I had a great time at the Homebrew Computer Club Reunion last night, which, I learned, was made possible by a Kickstarter (thank you, KS backers!)
One of the great conversations I had there was with Ted Nelson, author of Computer Lib/Dream Machines and his wife, Marlene Mellicoat. My wife and I had a wonderful time speaking with them. Ted has published a new edition of Computer Lib. It's not a reprint from scans of the original, but a new printing from the original negatives. It's as clear and sharp as the original was back when, possibly even better. It's in the same large format, as well, not scaled down for the size of paper that happens to be cheap and convenient for most books.
I was working so hard at being social last night it didn't even occur to me that I could probably have purchased a copy directly from him right then. I saw that he had a number of copies in his bag, too. It's little things like this that I always think of when people tell me how smart I am. Yeah, about some things, maybe, but about other things I'm not so much.

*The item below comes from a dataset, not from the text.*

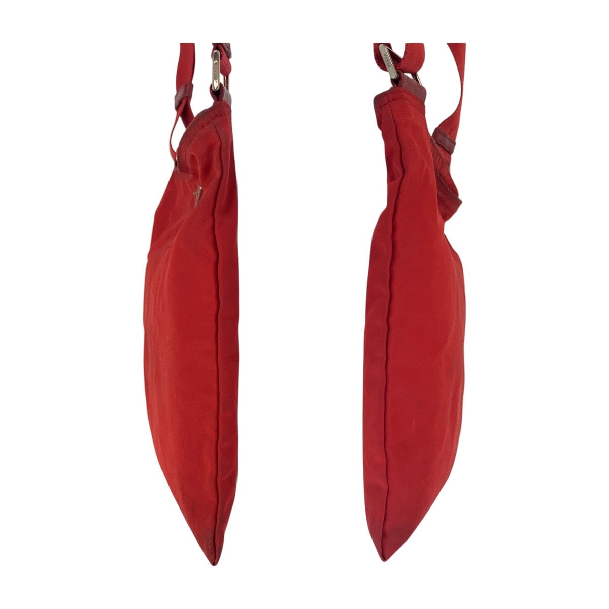 PRADA Shoulder Bag Nylon Red Silver Metal Crossbody Shoulder Bag Test Triangle With logo Women Used Authentic

Nevertheless, I'm going to purchase it now, after the event. I read someone else's copy back when, having noticed it as a pillar on a bricks and boards bookshelf among a number of copies of The Fabulous Furry Freak Brothers (Fat Freddy's Cat was my favorite of the crew.) Now I'm looking forward to having a Computer Lib/Dream Machines book of my own.
If you're not familiar with Ted's work, I strongly recommend correcting that. The web could be so much more than it is, and require far less human "curation" than it does, if it hadn't turned into the mishmash mess of information without proper structure that it has become. I'd say more, but rather than reading my take on what he thinks, go to the source:
Hopefully I'll have a chance to post more about last night's event in future articles. There was so much packed into so little time that my head is still spinning from it. (They managed to recreate the atmosphere of the original meetings perfectly in that regard.)
It was great that my wife got to hear Ted speak during the formal presentation portion of the evening, too. I got to hear him speak a few times back when, he's a dynamic and engaging speaker. He makes you think about how things could be, possibilities that are better than reality. Now we have hearing Ted speak as a shared experience.